=== EXERCISE REQUIREMENTS ===
In the listing below, the answer starts at the line that has "I am trying" and stops after the line that has "Garmin have your"; please repeat that part exactly and nothing more.

=== INPUT ===
-----

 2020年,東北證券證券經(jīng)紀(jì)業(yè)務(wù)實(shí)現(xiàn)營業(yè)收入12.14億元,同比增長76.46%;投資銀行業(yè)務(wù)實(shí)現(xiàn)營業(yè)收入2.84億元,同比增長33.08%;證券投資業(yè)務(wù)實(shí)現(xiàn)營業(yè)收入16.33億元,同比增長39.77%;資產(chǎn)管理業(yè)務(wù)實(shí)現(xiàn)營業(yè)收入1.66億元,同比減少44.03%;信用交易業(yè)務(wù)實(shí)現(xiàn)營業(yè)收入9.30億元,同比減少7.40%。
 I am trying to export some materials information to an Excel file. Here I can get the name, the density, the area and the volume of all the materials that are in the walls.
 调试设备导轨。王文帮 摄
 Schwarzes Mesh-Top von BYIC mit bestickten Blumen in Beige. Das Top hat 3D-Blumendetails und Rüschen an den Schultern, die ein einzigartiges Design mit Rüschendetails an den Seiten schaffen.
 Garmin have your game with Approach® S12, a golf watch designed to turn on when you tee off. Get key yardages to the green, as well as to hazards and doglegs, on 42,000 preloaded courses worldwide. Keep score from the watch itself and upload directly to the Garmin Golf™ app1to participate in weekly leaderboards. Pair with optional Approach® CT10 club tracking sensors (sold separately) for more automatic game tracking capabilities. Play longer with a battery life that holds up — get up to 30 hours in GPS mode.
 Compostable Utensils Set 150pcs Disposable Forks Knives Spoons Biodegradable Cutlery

-----

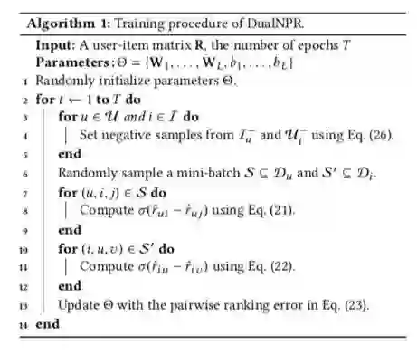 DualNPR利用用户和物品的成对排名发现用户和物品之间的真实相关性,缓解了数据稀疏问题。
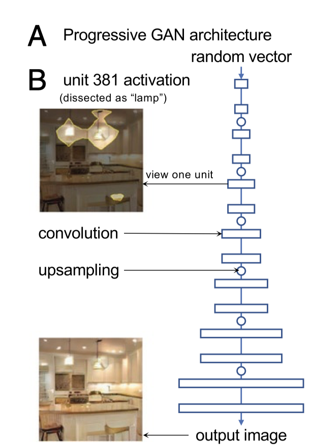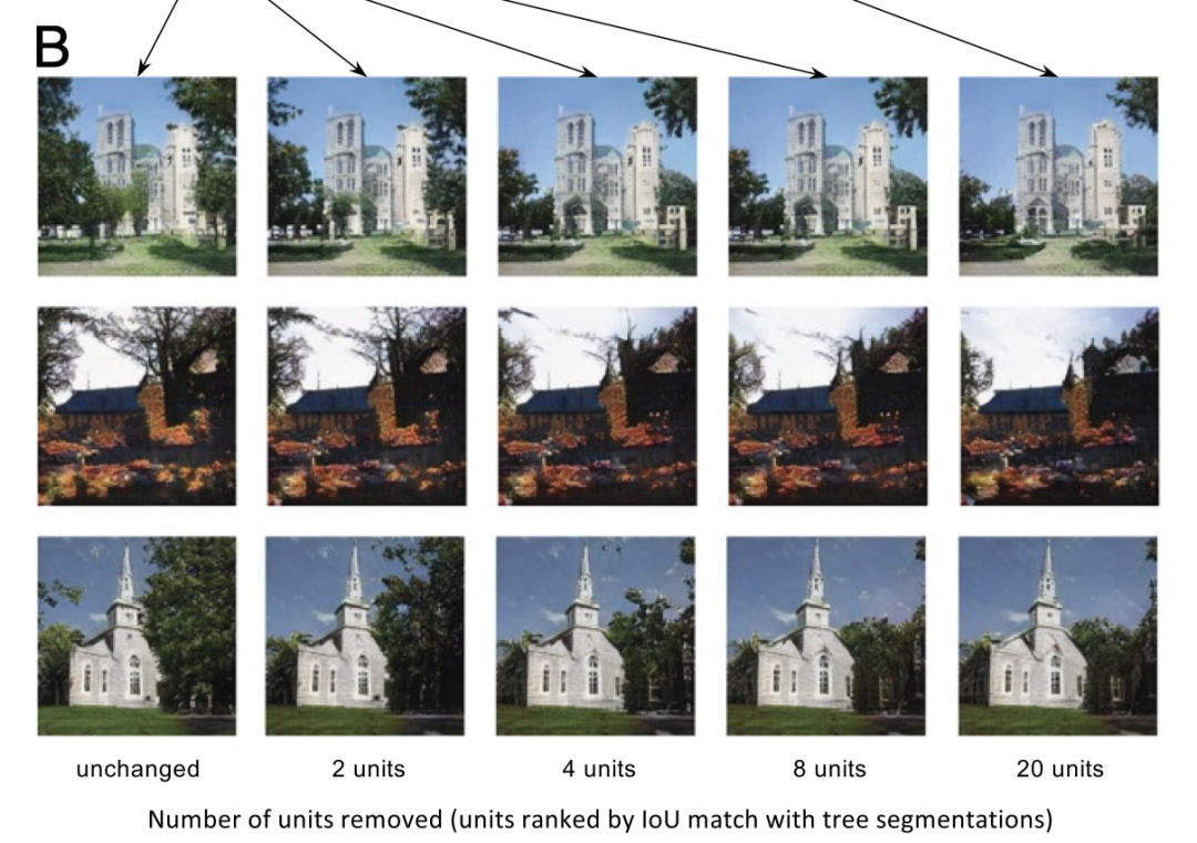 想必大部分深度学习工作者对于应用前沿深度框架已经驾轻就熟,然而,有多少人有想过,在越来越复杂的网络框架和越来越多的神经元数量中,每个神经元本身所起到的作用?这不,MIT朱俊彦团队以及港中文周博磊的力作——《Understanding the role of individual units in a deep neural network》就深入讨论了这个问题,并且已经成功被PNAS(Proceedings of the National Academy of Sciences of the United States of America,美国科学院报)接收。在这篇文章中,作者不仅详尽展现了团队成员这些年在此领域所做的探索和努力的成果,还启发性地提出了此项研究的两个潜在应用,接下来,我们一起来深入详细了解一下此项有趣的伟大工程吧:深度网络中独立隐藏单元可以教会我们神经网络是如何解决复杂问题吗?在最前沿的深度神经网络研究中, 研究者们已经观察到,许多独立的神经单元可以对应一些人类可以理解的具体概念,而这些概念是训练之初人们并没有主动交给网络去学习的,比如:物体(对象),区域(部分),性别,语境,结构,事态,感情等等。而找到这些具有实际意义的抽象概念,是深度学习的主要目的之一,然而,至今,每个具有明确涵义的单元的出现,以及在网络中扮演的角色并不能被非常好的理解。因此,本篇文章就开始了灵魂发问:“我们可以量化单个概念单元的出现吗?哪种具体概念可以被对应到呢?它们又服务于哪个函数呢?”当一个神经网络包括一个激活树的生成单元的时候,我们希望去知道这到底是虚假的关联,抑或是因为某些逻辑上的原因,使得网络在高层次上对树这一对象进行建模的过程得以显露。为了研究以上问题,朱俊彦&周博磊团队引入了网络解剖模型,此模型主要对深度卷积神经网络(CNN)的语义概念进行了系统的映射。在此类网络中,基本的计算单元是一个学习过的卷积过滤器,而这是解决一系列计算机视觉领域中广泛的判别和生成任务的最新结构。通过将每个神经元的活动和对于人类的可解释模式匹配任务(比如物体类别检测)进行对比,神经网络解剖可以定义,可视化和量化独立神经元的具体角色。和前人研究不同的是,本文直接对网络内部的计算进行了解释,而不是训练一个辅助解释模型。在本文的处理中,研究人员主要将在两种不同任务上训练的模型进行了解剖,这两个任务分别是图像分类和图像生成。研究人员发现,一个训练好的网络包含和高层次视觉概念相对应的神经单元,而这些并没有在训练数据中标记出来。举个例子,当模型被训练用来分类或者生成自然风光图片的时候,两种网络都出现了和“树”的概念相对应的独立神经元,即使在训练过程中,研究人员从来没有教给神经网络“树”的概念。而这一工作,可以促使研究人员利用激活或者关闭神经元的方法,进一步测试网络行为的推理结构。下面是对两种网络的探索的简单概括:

-----

=== RESULT FOR THIS EXERCISE ===
 I am trying to export some materials information to an Excel file. Here I can get the name, the density, the area and the volume of all the materials that are in the walls.
 调试设备导轨。王文帮 摄
 Schwarzes Mesh-Top von BYIC mit bestickten Blumen in Beige. Das Top hat 3D-Blumendetails und Rüschen an den Schultern, die ein einzigartiges Design mit Rüschendetails an den Seiten schaffen.
 Garmin have your game with Approach® S12, a golf watch designed to turn on when you tee off. Get key yardages to the green, as well as to hazards and doglegs, on 42,000 preloaded courses worldwide. Keep score from the watch itself and upload directly to the Garmin Golf™ app1to participate in weekly leaderboards. Pair with optional Approach® CT10 club tracking sensors (sold separately) for more automatic game tracking capabilities. Play longer with a battery life that holds up — get up to 30 hours in GPS mode.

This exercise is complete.